Part I: Sense and Sensibility, cont’d
This afternoon was reserved for S&S95, also known as “the Emma Thompson version.” The short version of my ‘report’ is that I have two things to say about this movie. First, that I adore it. Second, that I don’t adore it.
Let me explain.
I adore it as a movie. It has characters that I get emotionally involved with, witty dialogue and an engaging plot. It’s got an all-star cast, all of whom do a wonderful job with what they are given. It’s beautiful to look at and the music is lovely. All in all, it is a wonderful movie and I just love it. I’ve lost track of how many times I’ve seen it.

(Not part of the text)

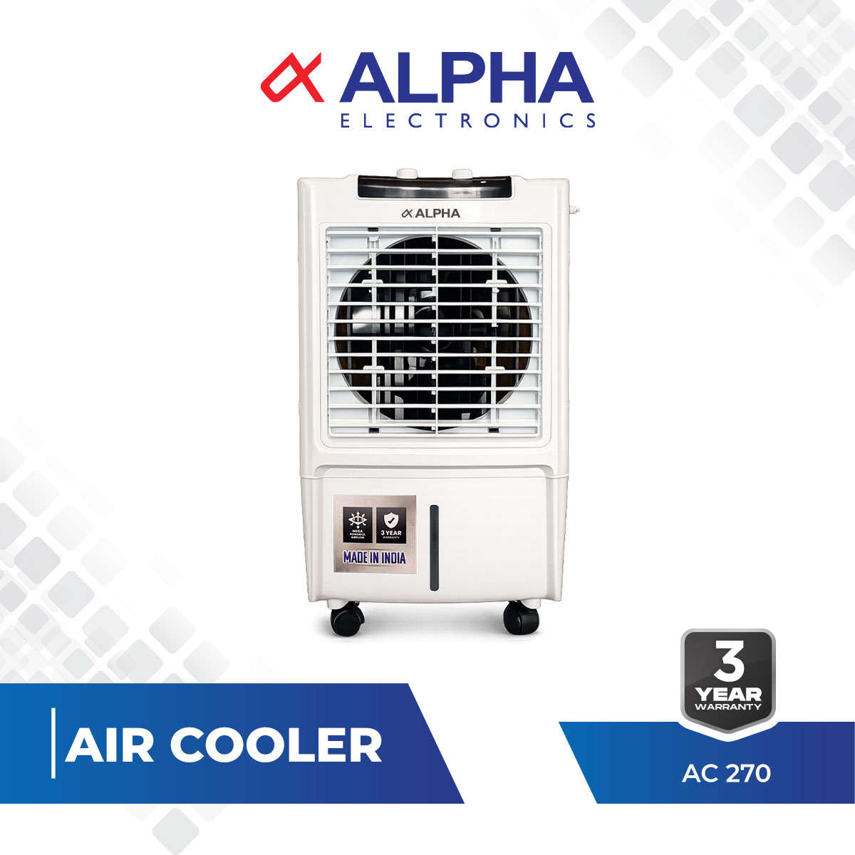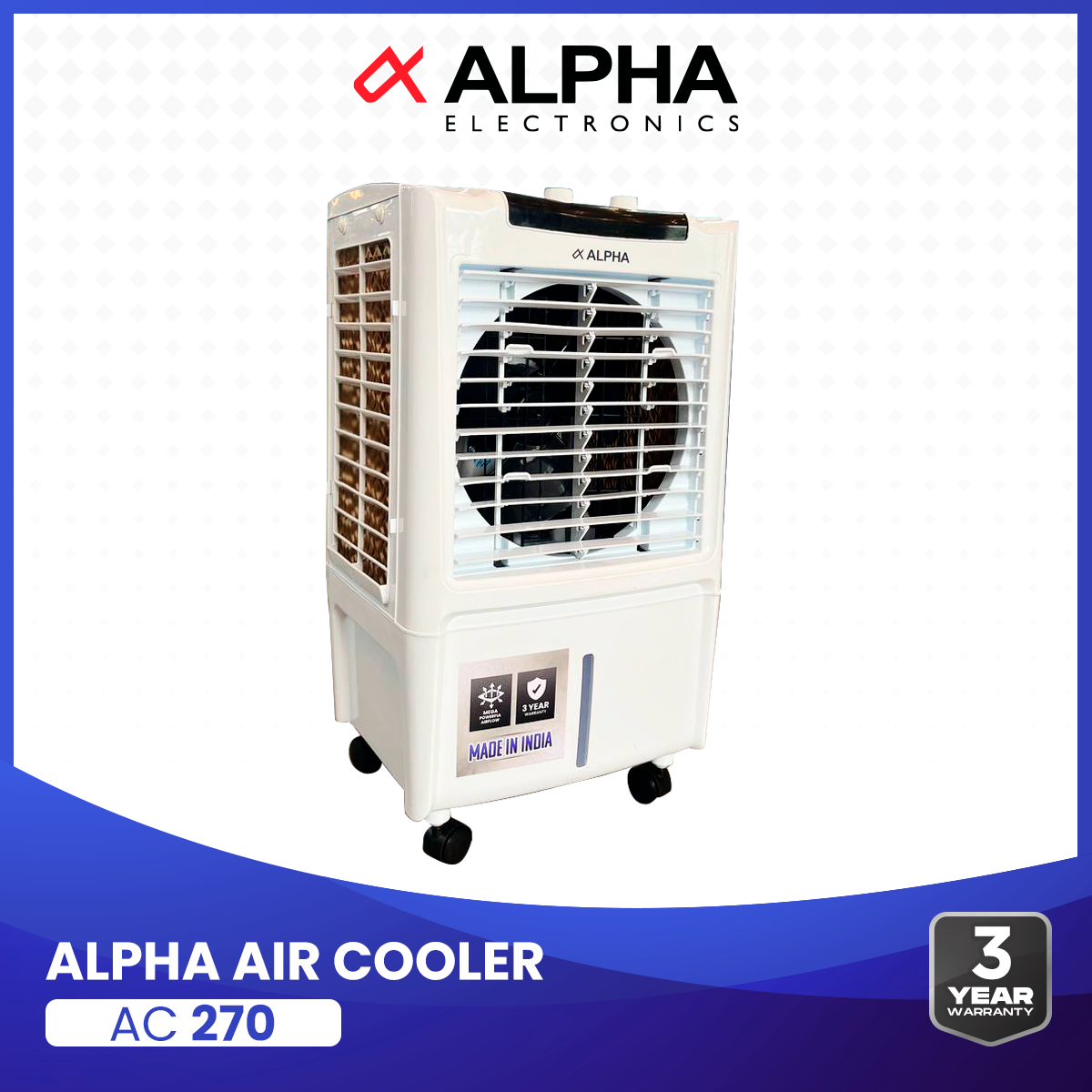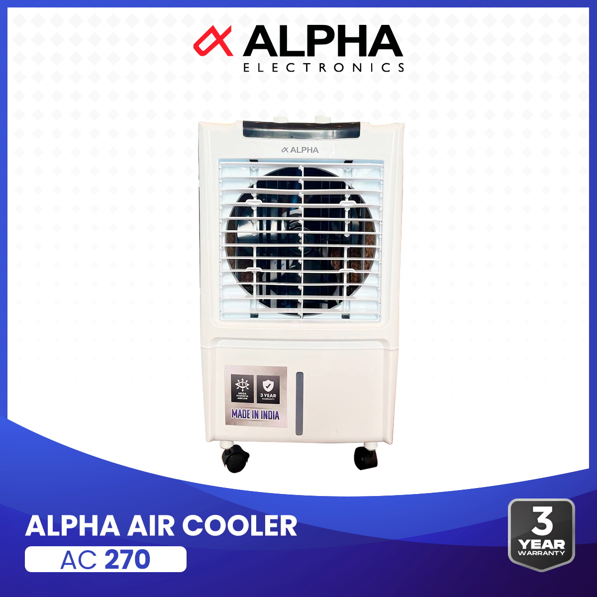 ALPHA AIR COOLER (AC-270) Voltage - 220/240 V , 50HzAC Power - 110W 27Liter Net. 6.4KG , Gross -8.6 KG 452x435x732 mm

But (and this is a very big but) I do not adore it as an adaptation. I saw it before I read the book and had no idea just how much it differs from the book. But, then I did go and read the book, and was really shocked at how different Thompson’s script is from Austen’s text. The actors (except for Kate Winslet, who is absolutely outstanding here) are all too old for their roles and, as someone who knows the book, this can be disconcerting. Then there’s the story itself. In her commentary to the DVD, Thompson says that there are only 5 lines of dialogue lifted directly from the novel. OK, that’s an exaggeration, but not by much. Thompson leaves out Nancy Steele, Mrs. Ferrars and Lady Middleton. Young Eliza is called “Beth” and her backstory is changed. The elder Eliza’s story is changed too — in the book she is wealthy and because of that is married off to Brandon’s older brother, but here she is too poor for the Colonel himself to be allowed to marry. There is no Miss Morton (Mrs. Jennings does refer to a Miss Morton in this film, but she is not the same Miss Morton whom the book’s Mrs. Ferrars wants as a daughter-in-law). Thompson takes Margaret (who is so obscure in the book that she is left out of S&S71 and S&S81 completely and really isn’t missed) and makes her a prominent character. She gives us a Mr. Palmer who is more likable than Austen’s. And, most important of all, she removes the scene at Cleveland where Willoughby explains everything. This is, as far as I am concerned, the most important change Thompson made, and it is not a good one. The book’s Willoughby is a very toxic character. He is arguably Austen’s worst villain. But Thompson’s script makes him rather sympathetic. Over the years, I have come across people who have never read the book and who feel sorry for Willoughby. I did (a little bit) when I saw the movie, but I don’t now, and never will again.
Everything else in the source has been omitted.